Example of the self-induced queueing pattern. The red cross marks the congestion event

We limit the analysis to flows that have exactly one congestion event, and spend the larger part of its lifetime being limited by the congestion window (and not by other factors such as the receiver window or sender processing). Additionally, we filter out flows that run for less than 9 seconds, or transfer less than 0.2 MB of data. For the remaining flows, we identify the pattern mentioned above by the following algorithm:

Find three values: first_rtt, the first non-zero RTT sample; cong_rtt, the RTT sample at the congestion event; and cong_rtt_next, the first RTT sample after the congestion event that is different from cong_rtt.
Compute the differences between first_rtt and cong_rtt and between cong_rtt and cong_rtt_ next. If both of these values are above 40 ms², return the difference between cong_rtt and cong_ rtt_next.

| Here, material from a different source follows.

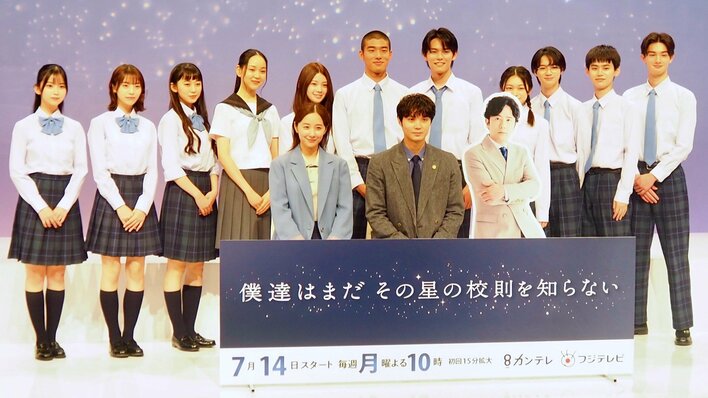 7月14日(月)にスタートするドラマ『僕たちはまだその星の校則を知らない』(カンテレ・フジテレビ系)の制作発表が7月9日に都内で行われ、主演の磯村勇斗さん、共演の堀田真由さん、生徒役を演じる11人の若手俳優が出席しました。

We found this basic algorithm to give good results in itself. However, we found that it could be improved further by the following refinements of the basic detection algorithm:

When comparing first_rtt and cong_rtt, use the median of cong_rtt and the two previous RTT samples. This weeds out tests where only a single RTT sample (coinciding with the congestion event) is higher than the baseline.
When comparing cong_rtt and cong_rtt_next, use the minimum of the five measurements immediately following the first RTT sample that is different from cong_rtt. This makes sure we include cases where the decrease after the congestion event is not instant, but happens over a couple of RTT samples.
Compute the maximum span between the largest and smallest RTT sample in a sliding window of 10 data samples over the time period following the point of cong_rtt_next. If this span is higher than the drop in RTT after the congestion event, filter out the flow.

A congestion event is anything that causes the TCP sender to decrease its sending rate, i.e. it includes both fast retransmits and timeouts. ^[return]
We found 40 ms empirically to be a suitable threshold. ^[return]